Şeyh Said'in mezarı açıklansın talebine red
İçişleri Bakanlığı, Şeyh Said'in mezar yerinin açıklanması istemiyle açılan davada, "husumetli taraf kendilerinin olmadığını" savunarak, bilgi ve belge paylaşmayı reddetti.
Diyarbakır Barosu, Şeyh Said Eğitim Kültür ve Dayanışma Derneği ile Şeyh Said’in torunu ve vasisi Kasım Fırat, 1925'te 46 kişi ile birlikte idam edilen Şeyh Said’in mezar yerinin açıklanması için İçişleri Bakanlığına başvurdu.

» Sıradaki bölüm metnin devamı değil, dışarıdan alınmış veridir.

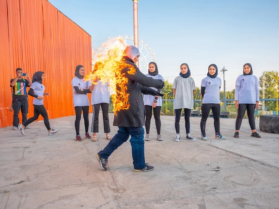 Nasrin instructing her class on a fire stunt in western Tehran on June 15, 2023. Forough Alaei
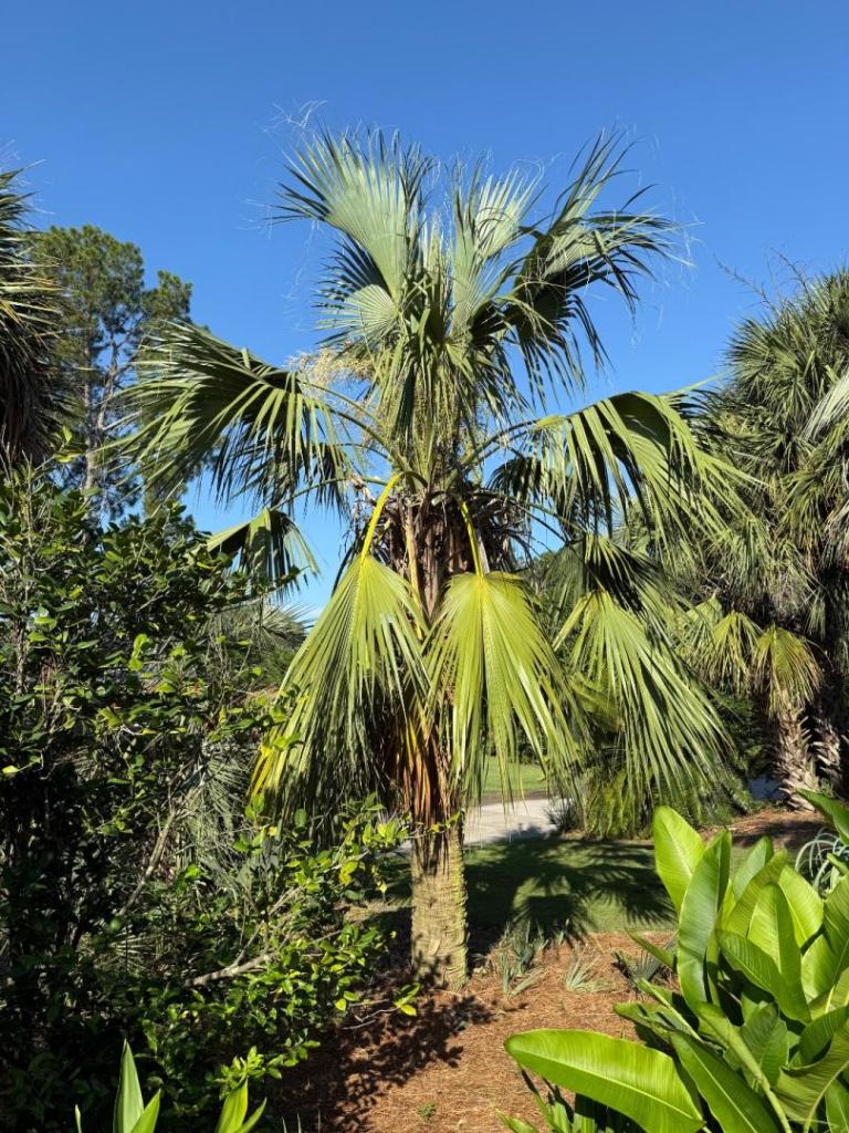 Billy, I can revisit this post and say hurricane milton at 110mph didnt budge my alfredii one cm. Half the the older leaves bend down and will brown prematurely because of it. But 17 months later it has recovered almost as fast as my 35-40' sabal causiarum. Interestingly my 35' bismarckia has had a rapid recovery after every open leaf was made limp in the wind. MY best advice for BA is to water consistently as wide as the crown and even a bit wider. THis encourages root growth which stabilizes the palm in wind. All 3 of my BA's took leaf damage, the one in most shade had the most damage, but zero tilting, NADA. Remember that taller palms see the worst damage in a hurricane as the most leverage is exerted on the roots by wind blowing ont he crown. The other thing I love about my alfredii is trimming dead leaves it is a breeze. Though they clean their own trunks, no trimming could mean 3-4 brown leaves on the palm most of the year. If you want a strong palm in wind, consistent watering of ground at least to the drip line(crown ends) will push root growth laterally. Roots running straight down are not as effective in spreading roots in resisting leverage created by wind. Just basic physics. for your hurricane question here is the result for BA. You can see the royal nearly stripped int he back ground and second pic is sabal causiarum, crown 90% snapped leaves or bent down and doomed to premature browning. BA/Royal sabal causiarum before milton the day after milton close up causiarum looking up just after milton Causiarum as of 1-24-2026, first thing it did is set seed as you can see. Then 10-12 leaves in one grow season. Its now closer to 40' as new leaves mean new trunk growth Alfredii has also done well, it lost ~10 leaves prematurely and is regrowing the crown, but its encouraging. I expect this grow season the recovery will be complete. .1 point

2019'da başlatılan süreçte, İçişleri Bakanlığı, başvuruya yanıt vermedi. Bunun üzerine davacılar, Bakanlığın 30 günlük yasal süre içinde talebe cevap vermemesinin başvurunun zımnen reddini anlamına geldiğine işaret ederek, kararın telafisi güç zararlara yol açacağı gerekçesiyle İçişleri Bakanlığının talebin reddi anlamına gelen kararının yürütülmesinin durdurulması istemiyle Ankara 5'inci İdare Mahkemesi'ne başvurdu.
Mahkemenin kabul ettiği başvuru kapsamında savunma istediği İçişleri Bakanlığı, olayda husumetli tarafın kendileri olmadığını, bu nedenle yürütmenin durdurulması isteminin hukuki dayanaktan yoksun olduğunu belirterek, idari işlemin yürütülmesinin durdurulması isteminin reddini istedi.
Mahkeme, 2577 sayılı İdari Yargılama Usulü Kanunu’nun 27’nci maddesinin 2’nci fıkrasında idari mahkemelerin, idari işlemlerin uygulanması halinde telafisi güç veya imkânsız zararların doğması ve idari işlemin açıkça hukuka aykırı olması şartlarının birlikte gerçekleşmediğini kanaat getirerek, kararın yürütülmesinin durdurulması istemini esastan reddetti.